The Eileen Lecky Clinic is a medical centre in Putney in the London Borough of Wandsworth. It is run by St George's University Hospitals NHS Foundation Trust.

==Location==
The clinic is located at 2 Clarendon Drive, on the north side of the road, at the corner with Charlwood Road.

==History==
The clinic was originally founded in Putney as a branch of the Mothers' Welcome in 1916, by 1922 it was located on Felsham road and became the Putney Infant Welfare Centre. It moved to Clarendon Drive in 1931 as the Children's Health Centre, on a site where there had been two detached houses.
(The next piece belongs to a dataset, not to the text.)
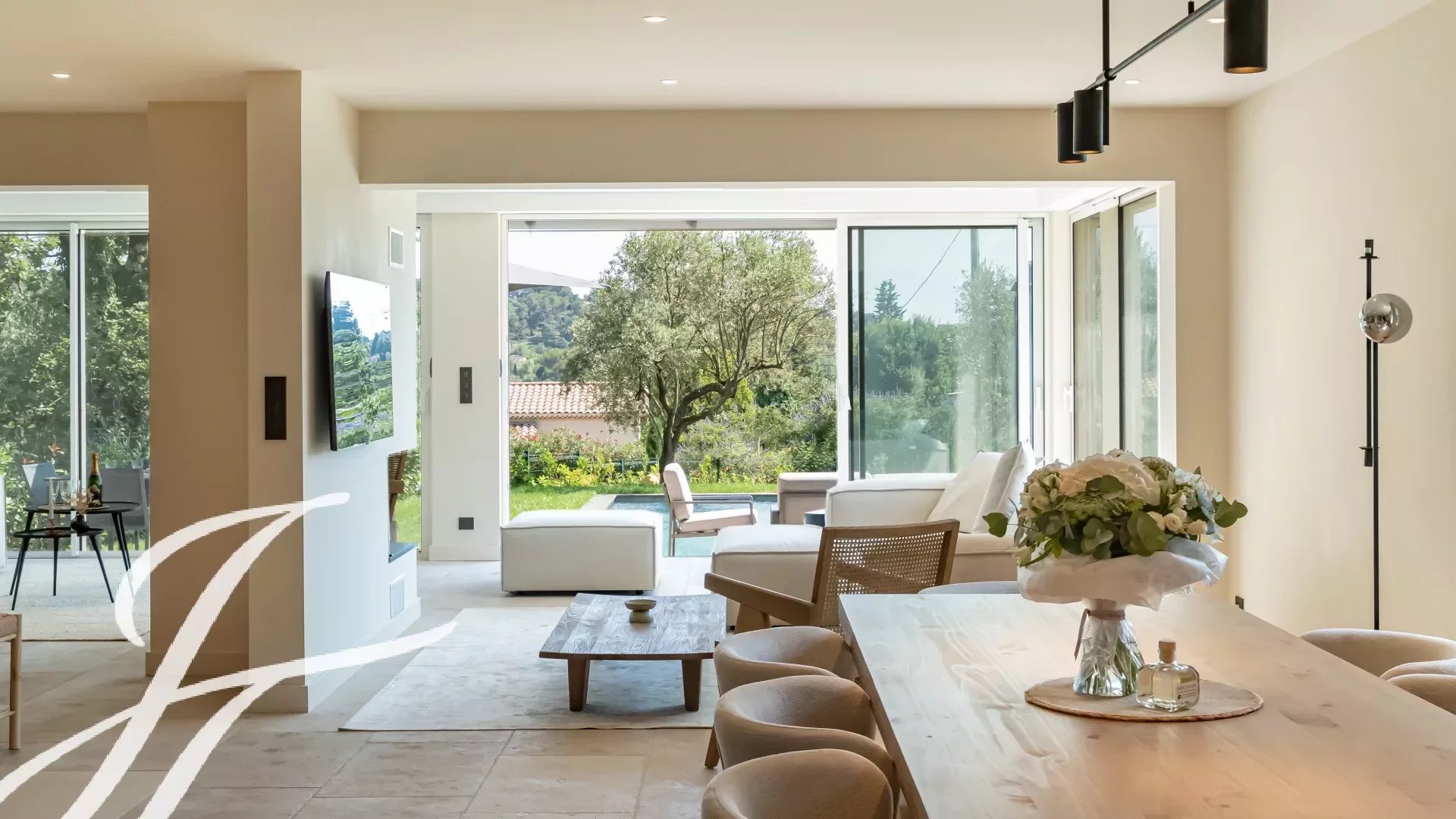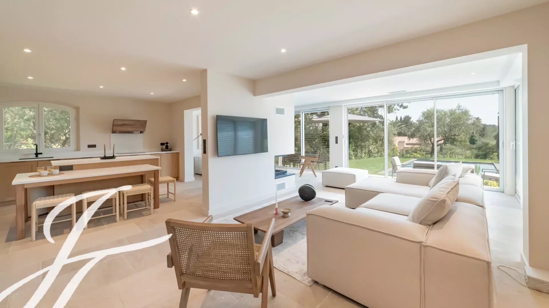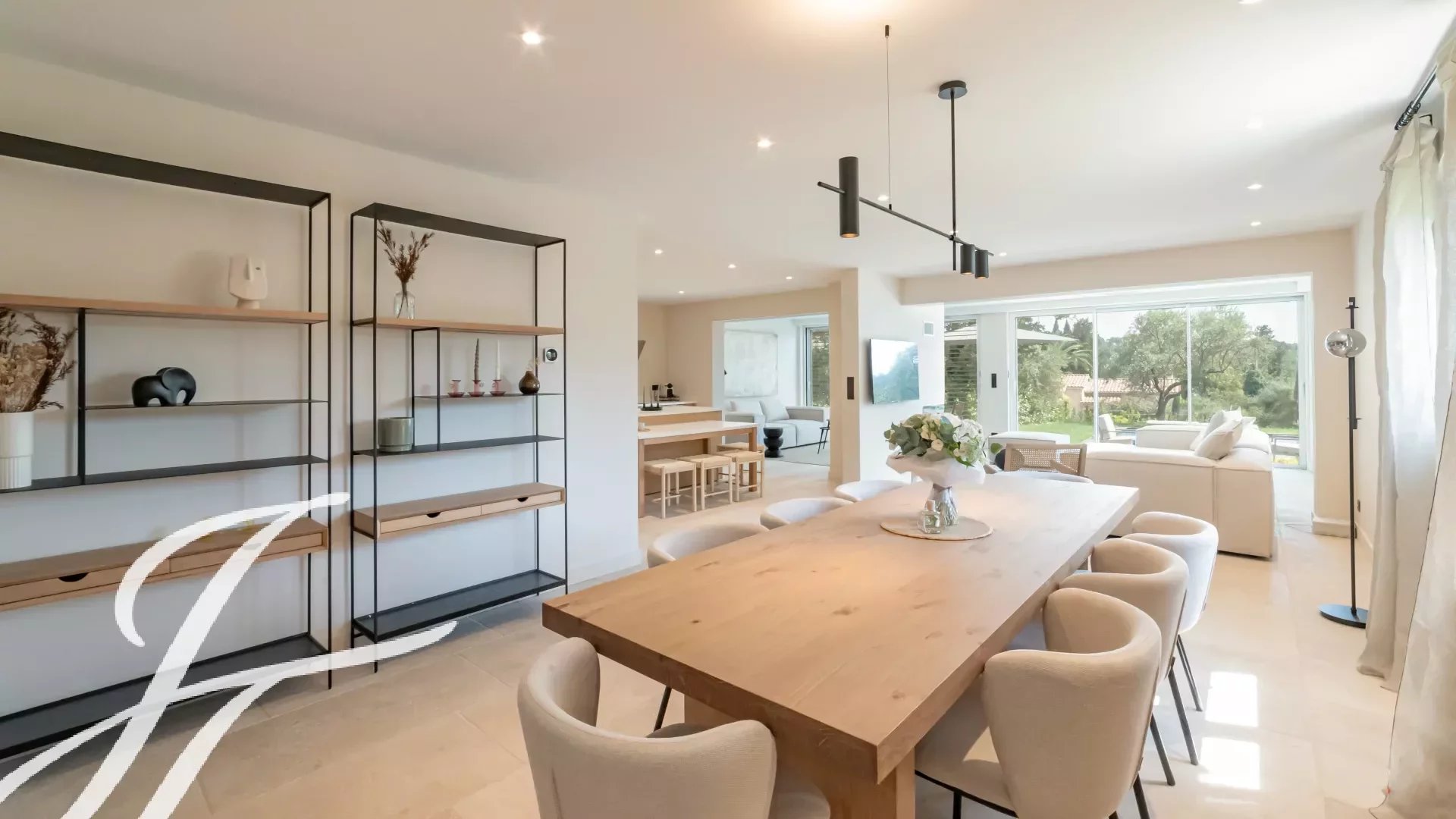 In un ambiente tranquillo, nel cuore di una zona residenziale ricercata, questa sontuosa villa a un piano, completamente ristrutturata con la massima cura, vi offre una qualità di vita incomparabile. A pochi minuti a piedi dall'incantevole villaggio di Valbonne, combina armoniosamente autenticità e modernità.

During World War II the building was seconded for gas decontamination and first aid, and infant welfare services were moved to classrooms at nearby St Mary's School, but the centre reopened at the end of the war.

Eileen Lecky was a secretary of the clinic and ran it for 50 years, she initially focussed on child health, but also started one of the first migraine clinics in the UK.

The clinic was renamed after Eileen Lecky in 1958 on her retirement, and there is a plaque in the building commemorating her service. Eileen lived in Putney on Deodar Road, and was awarded an MBE for helping the poor.

== Facilities ==
As of 2025 the clinic provides Midwifery Services, ADHD Community Paediatrics, Speech & Language, Multidisciplinary Feeding Team, and Paediatric Urology.

==Transport==
The clinic is served by Transport for London buses on the Upper Richmond road and Upper Richmond road, Putney railway station (Southwestern Railway) is a 7-minute walk from the clinic.